Required action => Once you find the line with "In the Bookings" in the listing below, set down exactly every line from it through the line with "斯凯奇双肩背包男女同款降落伞包年通勤电脑包大容量户外包书包", but no pictures.

Extracted information =>
----
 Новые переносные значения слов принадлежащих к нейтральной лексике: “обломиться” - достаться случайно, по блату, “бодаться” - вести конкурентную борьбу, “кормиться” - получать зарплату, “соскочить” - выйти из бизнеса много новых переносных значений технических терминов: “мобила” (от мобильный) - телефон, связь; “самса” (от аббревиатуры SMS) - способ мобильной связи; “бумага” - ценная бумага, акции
----
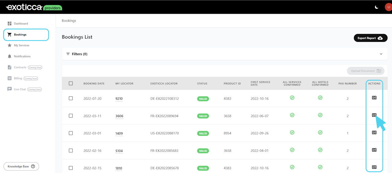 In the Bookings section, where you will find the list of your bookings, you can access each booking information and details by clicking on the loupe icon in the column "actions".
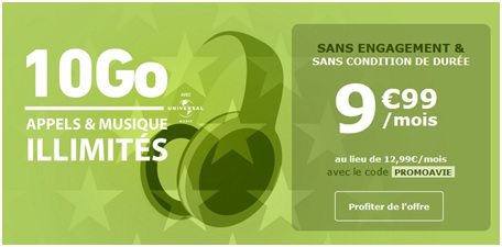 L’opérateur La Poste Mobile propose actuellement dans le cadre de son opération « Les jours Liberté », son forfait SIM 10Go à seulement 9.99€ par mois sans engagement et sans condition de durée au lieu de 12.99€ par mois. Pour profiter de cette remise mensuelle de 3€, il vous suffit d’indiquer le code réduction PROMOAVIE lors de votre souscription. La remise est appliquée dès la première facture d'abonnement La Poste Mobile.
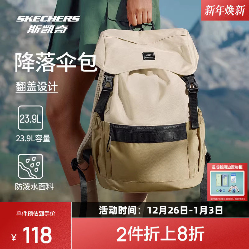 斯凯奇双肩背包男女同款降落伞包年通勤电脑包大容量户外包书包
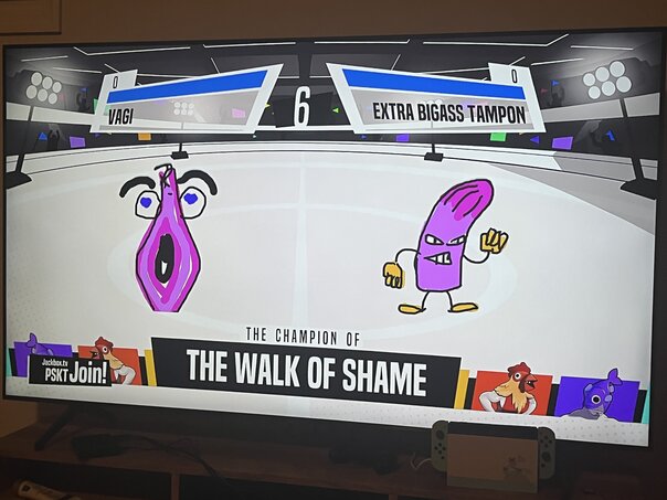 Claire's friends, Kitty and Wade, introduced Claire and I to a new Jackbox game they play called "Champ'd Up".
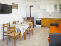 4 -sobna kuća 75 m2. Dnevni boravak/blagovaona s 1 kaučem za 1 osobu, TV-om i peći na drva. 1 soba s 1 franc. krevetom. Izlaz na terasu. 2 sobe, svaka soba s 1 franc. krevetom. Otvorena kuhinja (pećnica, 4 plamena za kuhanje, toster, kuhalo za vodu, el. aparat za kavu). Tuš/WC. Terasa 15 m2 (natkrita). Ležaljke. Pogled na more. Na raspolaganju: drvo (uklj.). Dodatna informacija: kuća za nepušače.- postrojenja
----
Answer space =>
 In the Bookings section, where you will find the list of your bookings, you can access each booking information and details by clicking on the loupe icon in the column "actions".
 L’opérateur La Poste Mobile propose actuellement dans le cadre de son opération « Les jours Liberté », son forfait SIM 10Go à seulement 9.99€ par mois sans engagement et sans condition de durée au lieu de 12.99€ par mois. Pour profiter de cette remise mensuelle de 3€, il vous suffit d’indiquer le code réduction PROMOAVIE lors de votre souscription. La remise est appliquée dès la première facture d'abonnement La Poste Mobile.
 斯凯奇双肩背包男女同款降落伞包年通勤电脑包大容量户外包书包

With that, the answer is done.